The health care system studied is the sole pediatric referral health care center for
two large Southern California counties and part of a third, as well as being the highest
volume autism services provider in the region. While it is estimated the EHR system
used captures 80% of pediatric patients in the area, there are patients who do not
seek treatment from the integrated delivery system provider or only part of their
treatment is captured in the EHR. In conducting cross-verification of the encounters
captured against a sample of 150 known ASD patients to verify the completeness of
data, it became clear that many of the patients obtain clinical care outside the integrated
delivery system because of limitations of insurance, additional school-based programs,
and other reasons. The limitation in ability to access and to combine data across
multiple platforms has also been noted in other studies in which the EHR data may
be less comprehensive than claimed if derived from only one of the clinical practices
from which a patient seeks care, unless the practice is part of an integrated delivery
system that is providing the patient with all of his or her ambulatory and inpatient
care [[20], [31], [32]].
This project demonstrates it was possible to leverage routine data entry by pediatric
care providers via the EHR within a diverse, regional referral pediatric healthcare
to construct a large clinical data set without the burden of manual data collection
in the clinical setting. Additionally, the data collected contained extensive health
care data to analyze utilization patterns and characterization of current medical
treatment practices within an ethnically and social-economically diverse population.

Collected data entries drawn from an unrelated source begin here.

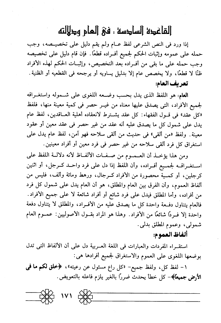 العام: هو اللفظ الذي يدل بحسب وضعه اللغوي على شموله، واستغراقه لجميع الأفراد، التي يصدق عليها معناه من غير حصر في كمية معينة منها، فلفظ "كل عقد" في قوله الفقهاء: كل عقد يشترط لانعقاده أهلية العاقدين، لفظ عام يدل على شمول كل ما يصدق عليه أنه عقد من غير حصر في عقد معين أو عقود معينة. ولفظ "من ألقى" في حديث: "من ألقى سلاحه فهو آمن"، لفظ عام يدل على استغراق كل فرد ألقى سلاحه من غير حصر في فرد معين أو أفراد معينين.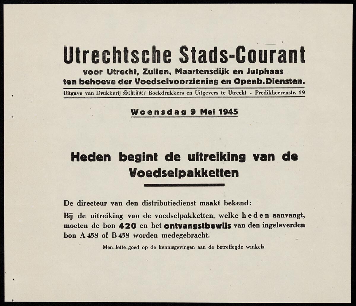 Bekendmaking door de "Utrechtsche Stads-Courant voor Utrecht, Zuilen Maartensdijk en Jutland t.b.v. Voedselvoorziening en Openb.diensten." Woensdag 9 mei 1945: "Heden begint de uitreiking van de Voedselpakketten" waarbij bon 420 en ontvangstbewijs van bon A-458 of B-458 moeten worden ingeleverd.
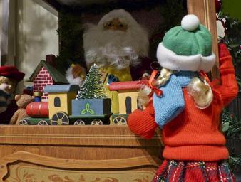 Keywords: toy shop child girl little shopping wish blond staring horizontal santa christmas
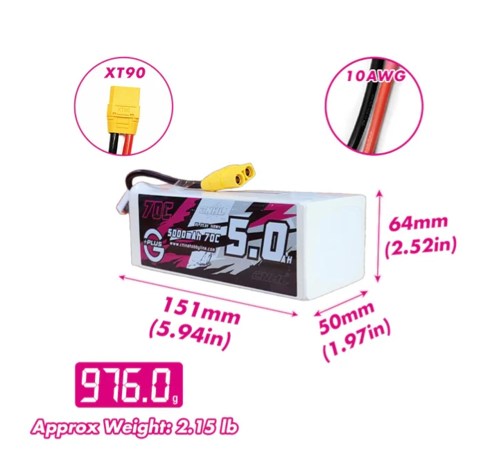 規格: 容量:5000mAh 電壓:29.6V / 8片 / 8S1P 放電率:70C 連續 / 140C 突發 充電率:最大 5C 尺寸:64X50X151mm 重量:約976克 輸出連接器:XT90 線徑(AWG):10#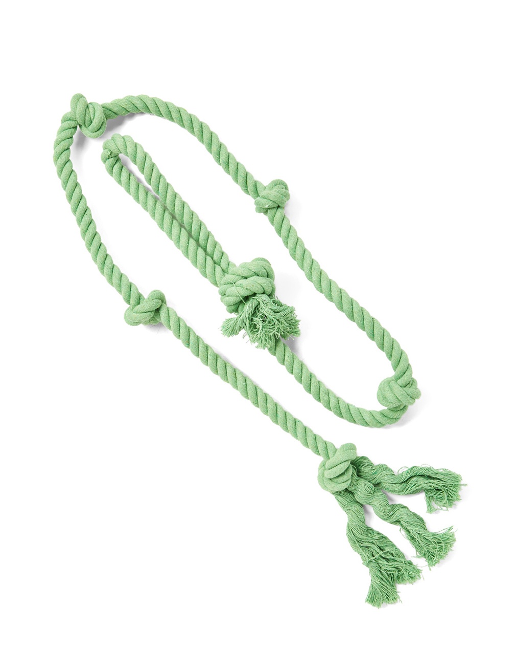The name says it all!  This tough rope toy is 5 feet long with a loop on one end and 5 knots running down the length for you and your dogs to be able to get a good firm grip. Excellent for playing tug-o-war with your dogs and is long enough to allow you to stand up straight while using it to help save your back! This is also the hanging rope toy used on our popular Solo Slinger zip line toy. It is available in pink or green.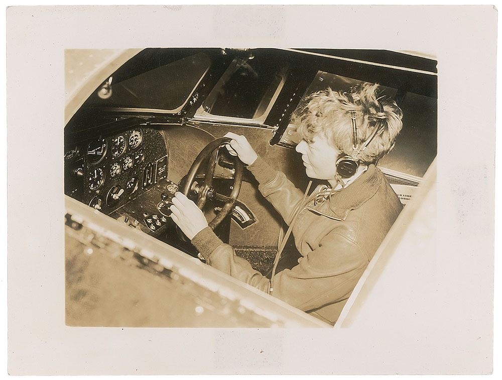 Original unsigned glossy 5.25 x 4 photo of Earhart in a plane’s cockpit with the complex instrument panel clearly visible, stamped on the reverse, “Newspaper-Magazine Aerial & Commercial Photography, Photo. No. 374,” noting that reproduction is prohibited without permission. In fine condition, with trivial creases and slight show-through at borders from toned tape to reverse.

This particular study population will allow for better understanding of potential
subgroups in what is known to be a heterogeneous condition. The volume and validity
of data suggest it is possible to use the EHR data to address relevant CER questions
in a timely manner, thereby avoiding the expense, extended follow-up period, and potential
reluctance of patients and their families to be randomized, which are associated with
a RCT.
6. Conclusion
This study examined the availability and utility of detailed clinical and administrative
data contained in the EHR system. Its methodology recognizes the interrelatedness
of child health domains, and, most importantly, address the paucity of available data
sources related to the medical treatment of ASD patients. Extracted data from the
EHR system is potentially rich resource for conducting comparative effectiveness research
and epidemiologic surveillance, including longitudinal analyses, of medical utilization
among children with ASD, as well as potential changes in clinical practices patterns
among ASD patients. It is important to employ a variety of data extraction methods
to capture patients who enter the EHR through different clinical workflows.
Multiple Choice Questions
Multiple Choice Questions
Using which of the following data extractions was most likely to identify an autism
spectrum disorder patient?
-
Chief complaint during Emergency Department visit
-
Clinician assigned during ambulatory visit
-
Abstracted by health information management for an encounter
-
Recorded on the patient problem list
The correct answer is C. Autism Spectrum Disorder patients were most frequently identified
with an HIM abstracted code from an encounter (82.6%) and least likely to be identified
by a chief complaint during an ED visit (45.8%).
Clinical Relevance Statement
There are few available data sources related to the medical treatment of autism spectrum
disorder patients. Electronic health record offer detailed clinical and administrative
data with the potential for use in comparative effectiveness research. This study
evaluates the extracted EHR data and demonstrates that a variety of extraction methods
are needed to capture a robust profile of ASD clinical data.